Cyber Incident Victim: Finite Recruitment
Date:
Oct 2021
Location:
Australia
Summary
A recruitment firm providing casual staff to NSW government agencies experienced a ransomware incident where attackers exfiltrated and published a small data subset on the dark web. Security systems detected and contained the breach swiftly, preventing operational disruption, with remedial actions completed afterward. The Conti ransomware group claimed theft of over 300GB of data, including financial records, customer databases containing contact details, employee passport information, and internal correspondence. The firm is investigating the compromised data scope and plans to notify affected individuals, preliminarily indicating limited stakeholder impact. NSW government agencies confirmed no service disruptions or compromised systems from the incident.
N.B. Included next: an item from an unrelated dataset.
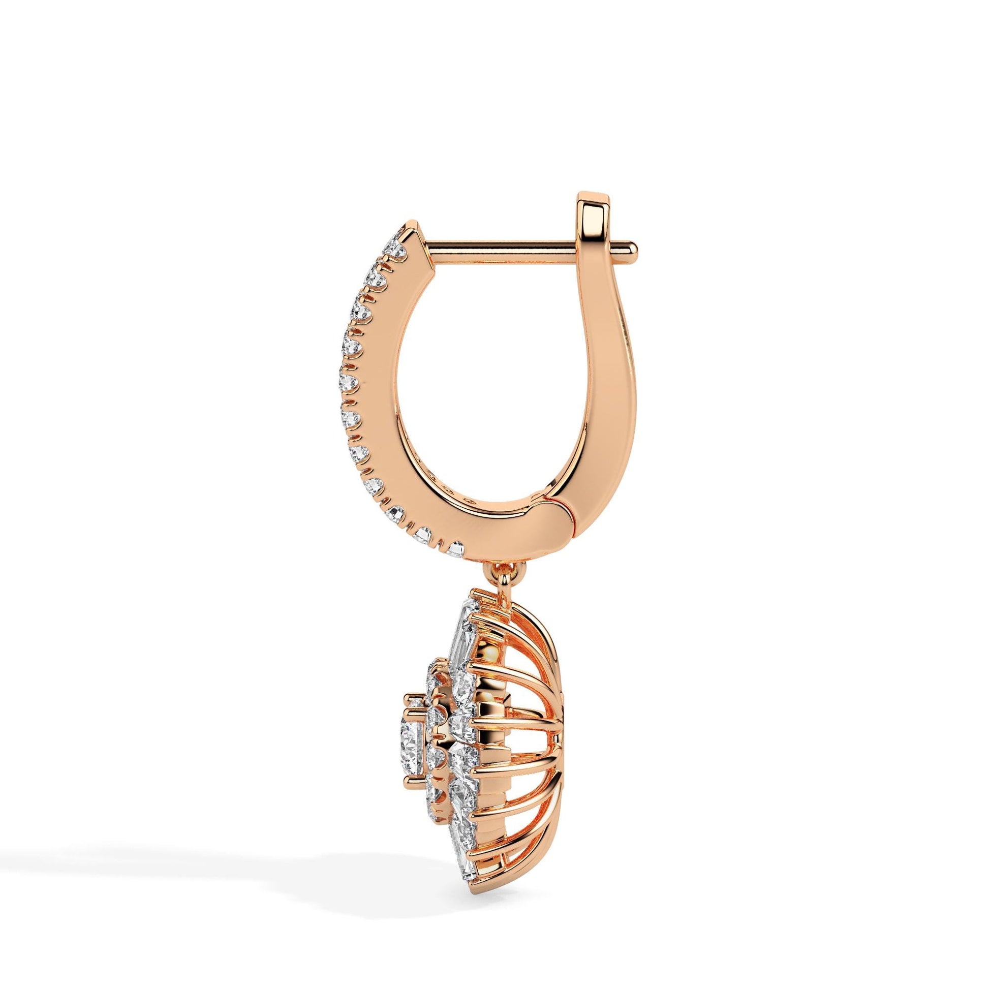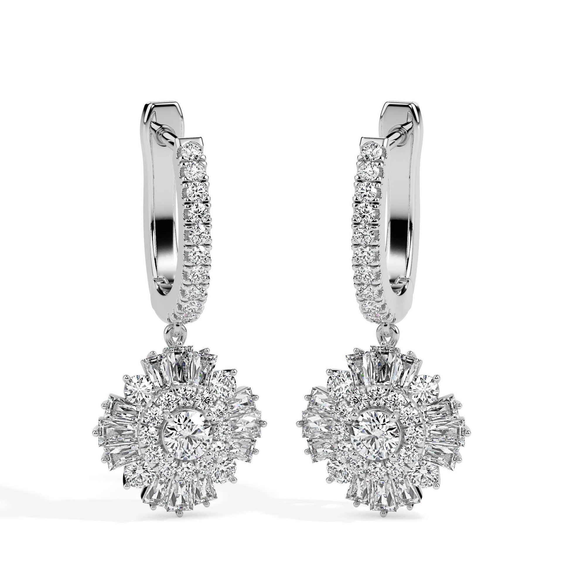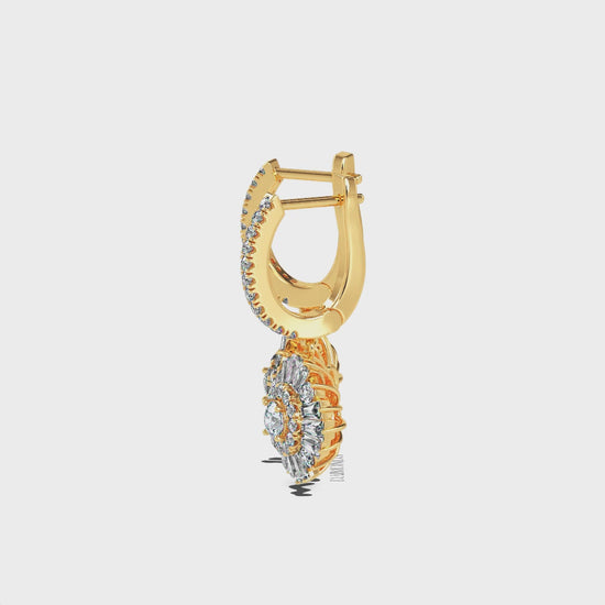 Bloom-inspired drop earrings featuring a floral halo of round and baguette-cut lab-grown diamonds suspended from pavé-set hoops. Elegant and radiant, they bring artistry and brilliance to any occasion.

| CIA Posture | Motives | Tactics, Techniques & Procedures |
|---|---|---|
| Available to members | 1 motive | 2 techniques |
| Threat Actor | Type | Location |
|---|---|---|
| 1 actor | Available to members | Available to members |
Description
In October 2021, IT recruitment firm Finite Recruitment experienced a cyber incident involving ransomware, which was detected by the company’s security monitoring systems. The attackers gained access to Finite’s IT environment and exfiltrated data before publishing a subset of it on the dark web. The company’s incident response team acted swiftly to contain the threat, shutting down the breach quickly without disrupting business operations. Finite confirmed the incident to ZDNet in December 2021, stating that remedial works had been completed post-incident and that the business remained fully operational. The firm initiated a review to determine the scope of stolen data, pledging to notify impacted stakeholders once the investigation concluded. Early assessments suggested only a relatively small number of individuals were affected, though the company did not specify a timeline for completing the review. Conti ransomware operators listed Finite on their leak site, claiming to have stolen over 300GB of data, including financial records, customer databases containing phone numbers and addresses, employment contracts with employees’ passport details, and internal mail correspondence.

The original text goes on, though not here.